Cryptocurrencies were formed to be a served as a new way of exchange and not to just store values. But because of the small market cap even the most popular crypto like dogecoin, bitcoins also have to suffer the wide inflation in price.
Smaller market caps, like small ponds, are easy to would equally so in terms of individual buy and sell orders–this leads to sharp fluctuations in value. Conversely, the huge expanse of a larger market cap (like oceans) will withstand these changes more resiliently. The volatility makes it tough for cryptocurrencies hoping to be widely used as payment systems.
If the incentive system is not strong enough, then incentives for various challenges faced by businesses building and maintaining their customer base are removed. For example, there will be no need to attack leaders in order to stop them building new services; if these services were built entirely using cryptocurrency transactions or contracts which kept fees low because they were denominated in digital money (as much of Google was done already), then all one does when attacking leaders directly is merely increase their resistance.
Imagine how hard it is to use Bitcoin or any other cryptocurrency for day to day transactions and trading purposes when one day it’s worth X and the next day it’s worth half of that.
What Are Stablecoins?
A stablecoin is also know as fiat currency as its value is pegged to real world. For example, the Stablecoin known as Tether, or USDT, is worth 1 US dollar and is expected to maintain this peg no matter what.
Stablecoins were formed to get used for fast and quick settlements allowing the ease of cryptocurrency having very few regulations along with stablities like flat currency. Like any other coin the most common usage of this coin could be using stablecoin in everyday purchases. But since these coins aren’t very popular at the moment, no one really accepts them as a payment method.
What Are The Uses Of Stablecoins
There are several uses of stablecoins out of which some of them are discussed below:
- The main usage of stablecoins today is actually on cryptocurrency exchanges.
- Using stablecoins, traders can trade volatile cryptocurrencies for stable cryptocurrencies when they want to lower their risk. For example, if you have invested in Bitcoin and don’t want to risk the price of Bitcoin falling against the US dollar, you can just exchange my Bitcoins for USDT and retain your dollar value.

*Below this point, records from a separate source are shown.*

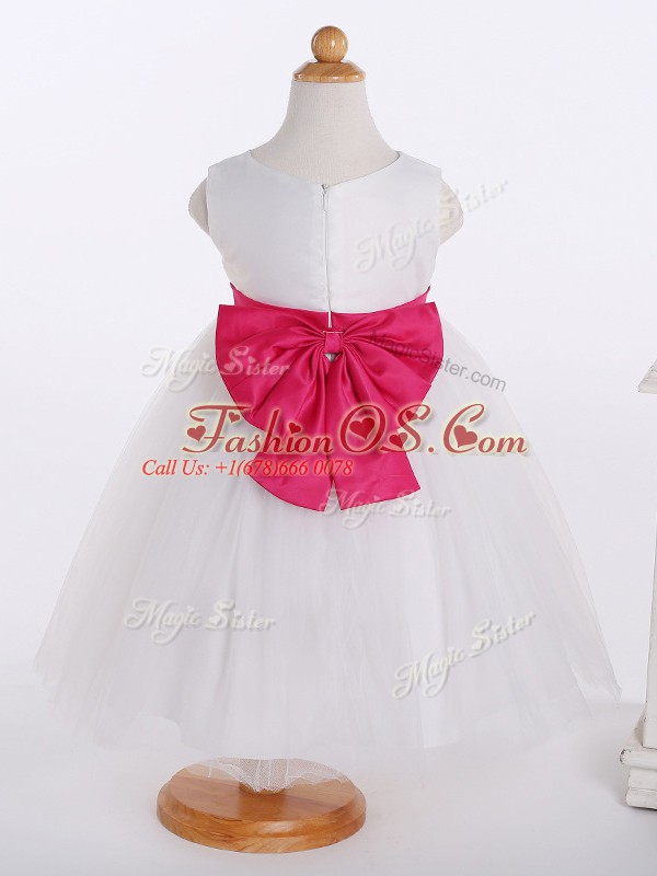 Home >  Special Occasion Dresses >  New Style Little Girl Pageant Dresses > White A-line Scoop Sleeveless Tulle Knee Length Zipper Bowknot and Hand Made Flower Little Girls Pageant Dress
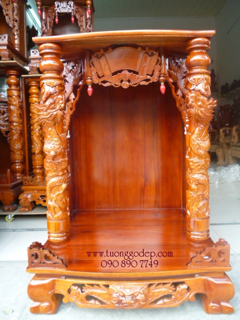 Bàn thờ Thần Tài - Ông Địa. Gỗ Lim, chạm rồng nổi - Rộng 60cm x Cao 98cm
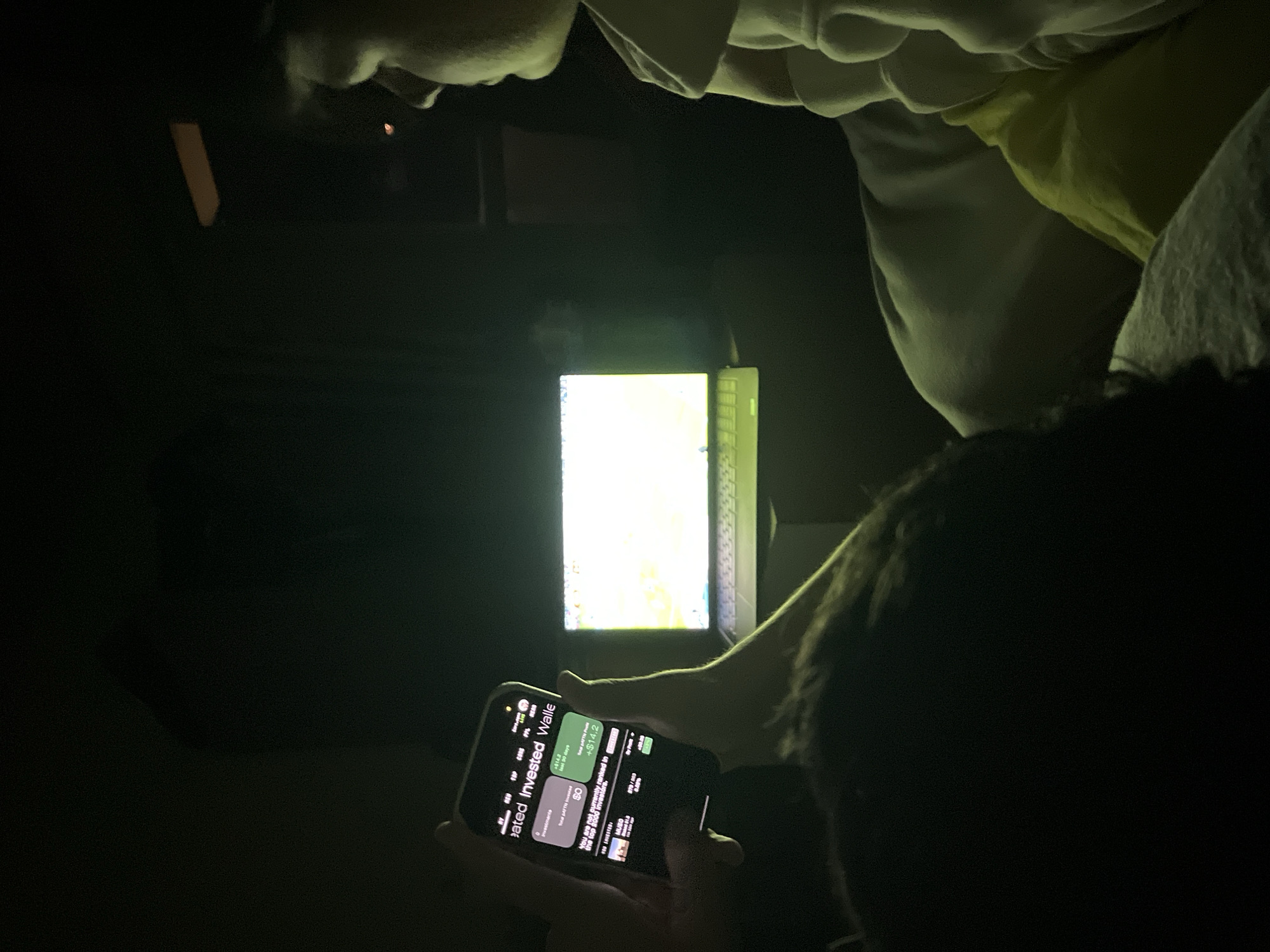 A group of individuals are gathered in a dimly lit room, illuminated primarily by the glow of electronic devices. One person is holding a smartphone, which displays a screen with financial information. Nearby, a laptop screen emits bright light, further illuminating the scene. The environment appears to be indoors, possibly in a residential setting given the casual attire of some of the individuals. The location in Shumen, Bulgaria is not discernible from the image.
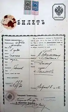 Under a decree of 1894, foreigners visiting Russia were to be given special passports, which were issued at Russian diplomatic missions and consulates, or to have their foreign passports confirmed there, by official seal.
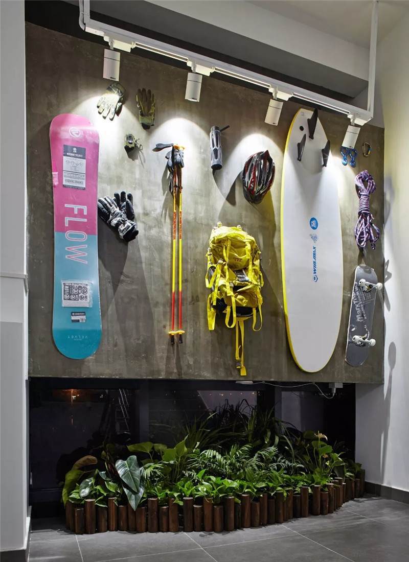 后期我們選用了一些戶外探險(xiǎn)的運(yùn)動(dòng)裝備,包括有一些極限大賽的LOGO,作為裝飾裝在了墻上,能很好地凸顯科技運(yùn)動(dòng)公司的主題,視覺效果也非常好。以上是兩個(gè)相對(duì)完整的案例,接下來還有一部分比較分散的項(xiàng)目有可能沒有形成系列,但是也都有不同的特點(diǎn)。
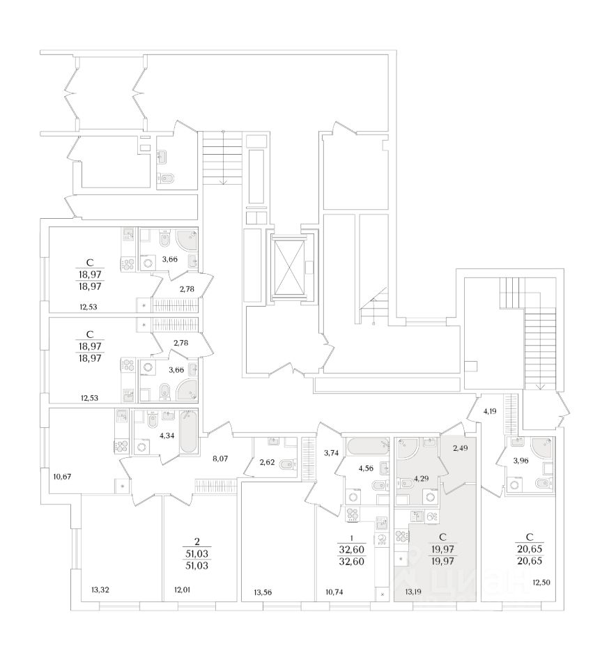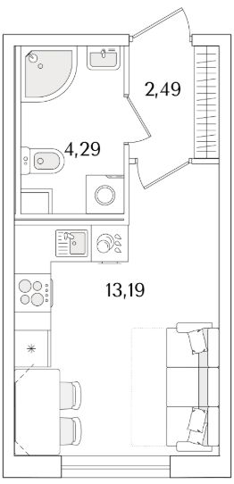 Квартира находится в 9 этажном доме, в Очередь 2, Корпус 2 на 1 этаже. Общая площадь квартиры 19,97 кв.м.

Once I want to “get back into the game” and hold Bitcoins, you can just exchange your USDT back to BTC. The usage of this method is very popular among crypto only exchanges who do not supply their users with options like the exchange of bitcoins for fiat currencies as they are abided by the regulations.
- Another great advantage of stablecoins is that you can move funds between exchanges relatively quickly since Crypto transactions are faster and cheaper than fiat transactions. The option for such a fast settlement between exchanges makes arbitraging more convenient and closes the price gaps that you usually see between Bitcoin exchanges.
Stablecoins are more of a utility coin for traders than an actual medium of exchange, but how stablecoins are created?
Types Of Stablecoins
Well, there are several ways a company can try and maintain its stablecoin’s peg to a fiat currency some of them are discussed below:
- The first way to maintain a peg is by creating the trust that the coin is actually worth what it is pegged to. For example, if the market doesn’t believe that one USDT is really worth one dollar, people will immediately dump all of their USDT and the price will crash.
For creating a trust the company uses their coins backed up with assets. This collateral is basically proof that the company is good for its word and that its coins should actually be worth the pegged amount.
A different example of collateral is the DGX token which is said to be backed by gold. Another version of a collateralized stablecoin is one that is backed by one or more cryptocurrencies. This collateral form is is simpler because the company’s balance can be viewed on the blockchain and is also much easier for auditing. - The second way to maintain a peg is by manipulating the coin supply on the market, also known as an algorithmic peg. An algorithmic peg means the company writes a set of rules, also known as a smart contract, that increases or decreases the amount of a stablecoin in circulation depending on the coin’s price.
Let me explain. Imagine we have a stable coin that is pegged to the US dollar through an algorithmic peg. There is a way for peg can be broken? the peg could be broken in a case where a lot of people starts buying the coin. To prevent this from happening new coins are issued.
This increased supply will lead to price elevation that is created by the demand to maintain the coins value. If, on the other hand, many people start selling the coin, coins are removed from the overall supply in order to hold the price peg to one US dollar.
To be clear, algorithmically pegged stablecoins don’t hold any assets as collateral. The coin’s managing smart contract functions like a central bank.. It tries to manipulate the price back to the peg by changing the money supply.